Calgary,
08
April
2019
|
13:04
America/Denver

It happened in Calgary: A look at what Calgary may have looked like according to a 1914 plan

Imagine a Calgary with Euro-style, monumental buildings, radial roads and boat docks along an elaborate boardwalk in the centre of the city. That was the original plan in 1914.

The forward-thinking city of 80,000 was hungry for growth and was the first in the Dominion to adopt city planning. Accordingly, in 1913, Englishman Thomas H. Mawson, a landscape architect and urban planner, was hired for the sum of $6,000 (about $130,000 in today’s dollars) as City Planner.
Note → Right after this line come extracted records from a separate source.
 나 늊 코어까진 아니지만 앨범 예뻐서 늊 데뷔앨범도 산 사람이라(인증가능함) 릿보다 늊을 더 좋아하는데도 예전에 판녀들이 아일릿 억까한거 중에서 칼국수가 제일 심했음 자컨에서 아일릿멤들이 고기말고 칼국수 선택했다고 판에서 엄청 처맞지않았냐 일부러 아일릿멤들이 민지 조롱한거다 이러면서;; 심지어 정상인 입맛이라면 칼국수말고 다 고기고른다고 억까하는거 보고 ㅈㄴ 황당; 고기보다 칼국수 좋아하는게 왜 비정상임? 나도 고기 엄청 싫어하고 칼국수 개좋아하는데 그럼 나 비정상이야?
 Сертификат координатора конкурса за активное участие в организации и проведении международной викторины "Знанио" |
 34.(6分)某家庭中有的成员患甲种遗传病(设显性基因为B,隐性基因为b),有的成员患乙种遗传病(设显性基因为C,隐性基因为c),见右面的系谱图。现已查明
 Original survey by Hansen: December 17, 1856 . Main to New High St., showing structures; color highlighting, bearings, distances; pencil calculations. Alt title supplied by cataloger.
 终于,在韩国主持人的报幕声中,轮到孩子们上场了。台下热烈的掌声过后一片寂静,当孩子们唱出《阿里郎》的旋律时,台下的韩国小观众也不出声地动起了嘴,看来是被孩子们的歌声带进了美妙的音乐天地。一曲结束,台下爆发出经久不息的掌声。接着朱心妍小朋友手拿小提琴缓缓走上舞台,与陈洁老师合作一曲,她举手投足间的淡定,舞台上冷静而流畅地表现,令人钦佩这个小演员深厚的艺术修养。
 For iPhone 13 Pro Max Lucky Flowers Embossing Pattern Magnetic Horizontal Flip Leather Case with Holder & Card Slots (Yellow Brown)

He was asked to prepare a preliminary but comprehensive development plan for Calgary.

The members of the Calgary City Planning Commission were drawn to Mawson’s work as a landscape architect because he was an advocate of the “City Beautiful” movement which aligned with their own vision for Calgary. In Mawson’s plan, Calgary would have embarked on a grandiose and expensive program of development. Mawson’s plan set out a well-defined path for Calgary’s growth and layout that would have seen Calgary take on a distinctly European appearance in its architecture. Other ideas Mawson put forward included wider streets and narrower sidewalks to improve traffic flow, increased use the natural environment for park space, additional space for performing arts and an elaborate civic centre complete with a boating reach.

At the time, Mawson explained his ambitious blueprint for a future Calgary saying it captured its beauty and the viability of its people. He explained it may seem “a little absurd” to those who had never experienced Calgary to see it as “a city of the future.” But he added that “no one can live, even for a short time, among you without being impressed with the genuineness as well as the practicability of the spirit of optimism which pervades your lives and all you do.”
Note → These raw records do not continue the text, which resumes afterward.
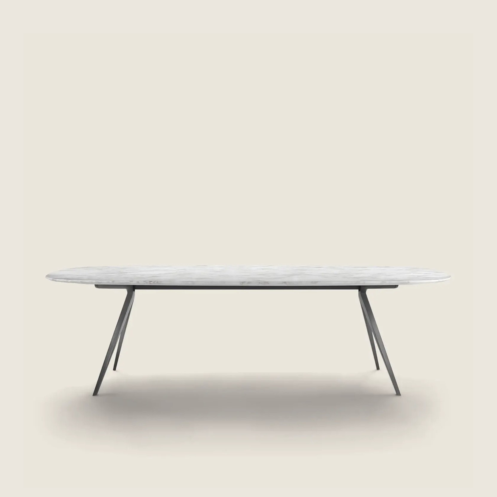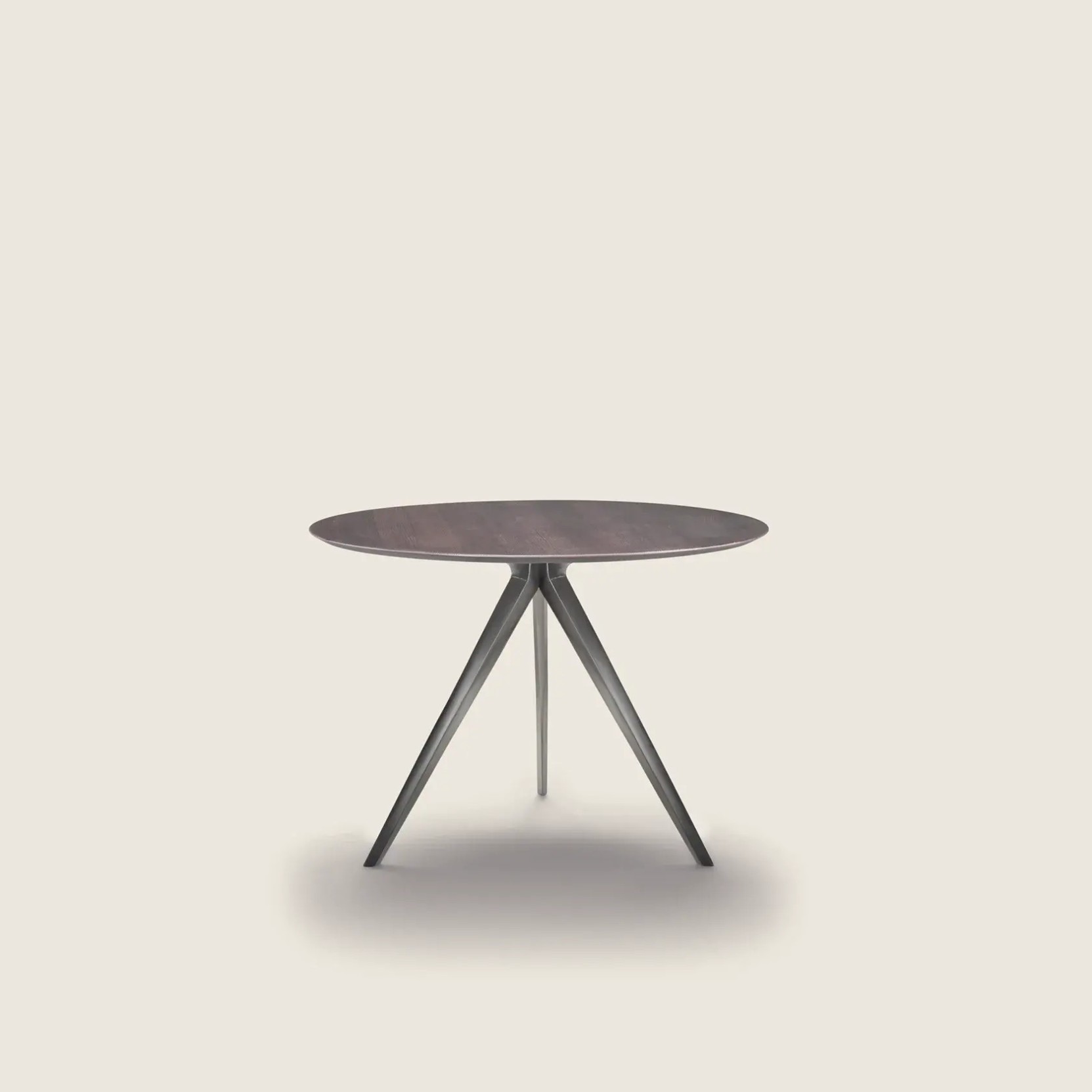 Offered in a generous array of sizes and shapes – round, square, oval, and rectangular – it meets the needs of both residential and hospitality settings. The slim die-cast aluminum legs lend the design an airy sense of refinement and are available in a curated selection of finishes, including satin, chrome, burnished, black chrome, polished anthracite, titanium finish 710, white 100, and black 900. The tabletop comes in wood veneer, available in a broad variety of finishes and wood types, or in lacquer in an array of modern shades. For those seeking refined, natural materials, Zefiro also offers a selection of glossy or matte marble tops including Carrara, Calacatta Oro, Emperador, Marquinia, Stardust Grey, and Marron Damasco. The table height is 73 cm with a wooden top and 74 cm with a marble top. Each table stands on thermoplastic feet, ensuring stability and floor protection.
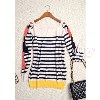 歐美風 法國原單條紋羊絨衫圓領動物鷹頭寬松型休閑毛衫出口羊絨 /
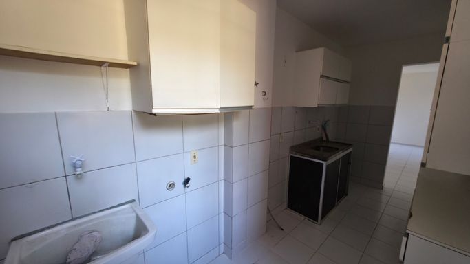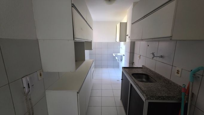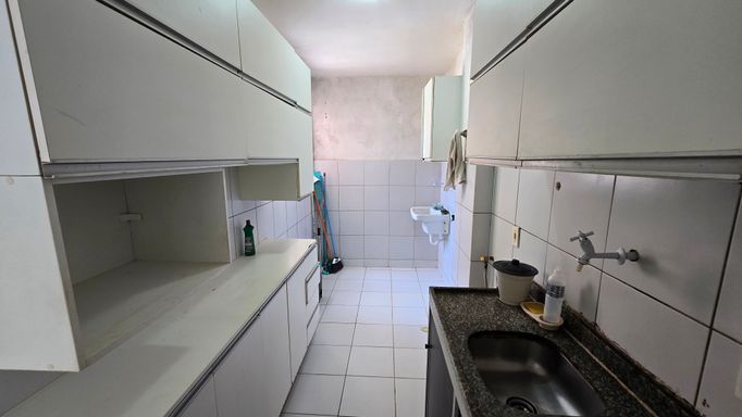 Cozinha com armários e área de serviço
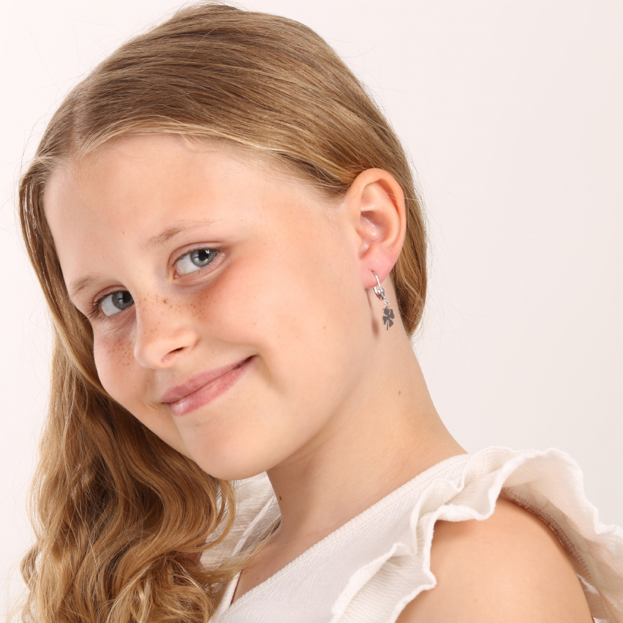 Žiarivé visiace náušnice v tvare štvorlístka prinášajú do vášho štýlu nádych šťastia a elegancie.
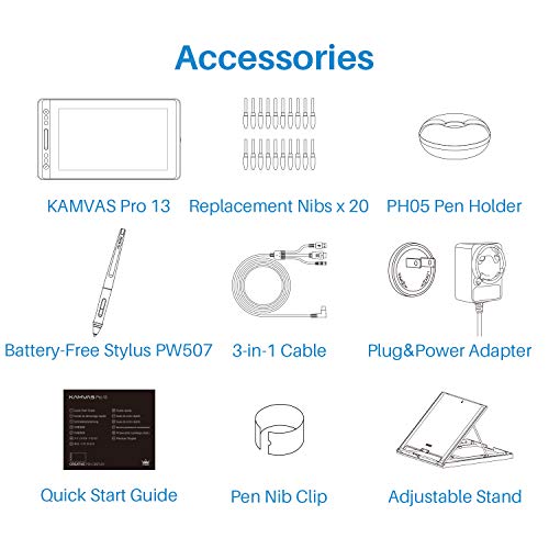 Der KAMVAS Pro 13 ist mit Huions neustem batterielosen PW507 Eingabestift und einem neuen Stifthalter, der PH05 in Donut-Form in der sich 10 Stiftspitzen und ein Stiftheber befinden, ausgestattet.
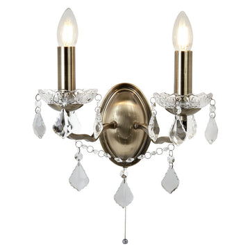 Paris 2 Lights Antique Brass Crystal Drops Wall Light
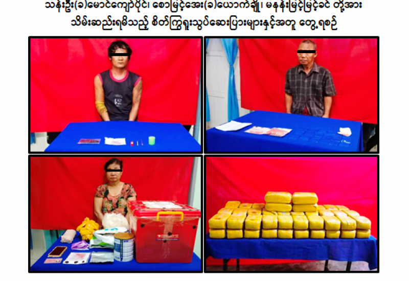 ဇွန်လ ၂၆ ရက်နေ့ ၁၂:၃၀ အချိန် ကရင်ပြည်နယ်ရဲတပ်ဖွဲ့မှ တပ်ဖွဲ့ဝင်များပါဝင်သော ပူးပေါင်းအဖွဲ့သည် ဘားအံမြို့နယ်၊ လှာကာကျေးရွာအုပ်စု၊ လှာကာကျေးရွာရှိ သန်းဦး(ခ)မောင်ကျော်ပိုင်၏နေအိမ်ကို ဝင်ရောက်ရှာဖွေရာ နေအိမ်အတွင်းမှ စိတ်ကြွရူးသွပ်ဆေးပြား ၅၅ ပြား သိမ်းဆည်းရမိခဲ့ပြီး ကွင်းဆက်အရ ၁၃:၃၀ အချိန် တစ်ရွာတည်းနေသူများဖြစ်သည့် စောမြင့်အေး(ခ)ယောက်ချို၏ နေအိမ်ကို ဝင်ရောက်ရှာဖွေရာ စိတ်ကြွရူးသွပ်ဆေးပြား ၃,၁၉၄ ပြားအားလည်းကောင်း၊ ၁၄:၃၀ အချိန် မနန်းမြင့်မြင့်ခင်၏ နေအိမ်ကို ဝင်ရောက်ရှာဖွေရာ စိတ်ကြွရူးသွပ်ဆေးပြား ၁၀၀,၀၀၀ ပြားအား လည်းကောင်း၊ ၁၈:၀၀ အချိန် ဘားအံမြို့နယ်၊ ကော့ထမ္မလိန်းကျေးရွာအုပ်စု၊ ကော့ထမ္မလိန်းကျေးရွာရှိ မနန်းဝင်းခင်၏ နေအိမ်ကို ဝင်ရောက်ရှာဖွေရာ ၎င်းအားမတွေ့ရှိဘဲ နေအိမ်အတွင်းမှ စိတ်ကြွရူးသွပ်ဆေးပြား ၆၈၀၀၀၀ ပြားအားလည်းကောင်း အသီးသီးသိမ်းဆည်းရမိခဲ့သဖြင့် သန်းဦး(ခ)မောင်ကျော်ပိုင် (၄၅)နှစ်၊ စောမြင့်အေး(ခ)ယောက်ချို(၅၂)နှစ်၊ မနန်းမြင့်မြင့်ခင်(၅၄)နှစ်နှင့် မနန်းဝင်းခင်(ဖမ်းမမိ)တို့အား မူးယစ်ဆေးဝါးနှင့် စိတ်ကိုပြောင်းလဲစေသော ဆေးဝါးများဆိုင်ရာဥပဒေအရ အရေးယူထားကြောင်း သတင်းရရှိသည်။
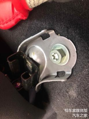 检测右侧大灯固定螺丝,无拆卸痕迹,可以排除大灯有过更换,到此可以排除车辆前部有过碰撞修复。

His plan was presented to Calgary City Planning Commission in April of 1914 and to City Council later that summer. The timing was not ideal, however, as the outbreak of the First World War and concerns about costs – estimated to be upwards of $10 million (about $221 million in today’s dollars) – prevented the immediate implementation of any of Mawson's ideas. As such, the plan was quickly abandoned and subsequently lost.

It resurfaced more than 60 years later after it was found during renovations at a residential garage in 1970’s.

Today, the Mawson Plan remains one of the most popular early documents from Calgary's history because of the grandiose and optimistic vision it outlined. An award that bears Mawson’s name is handed out each year to toast urban design excellence and creativity as part of the Mayor’s Urban Design Awards.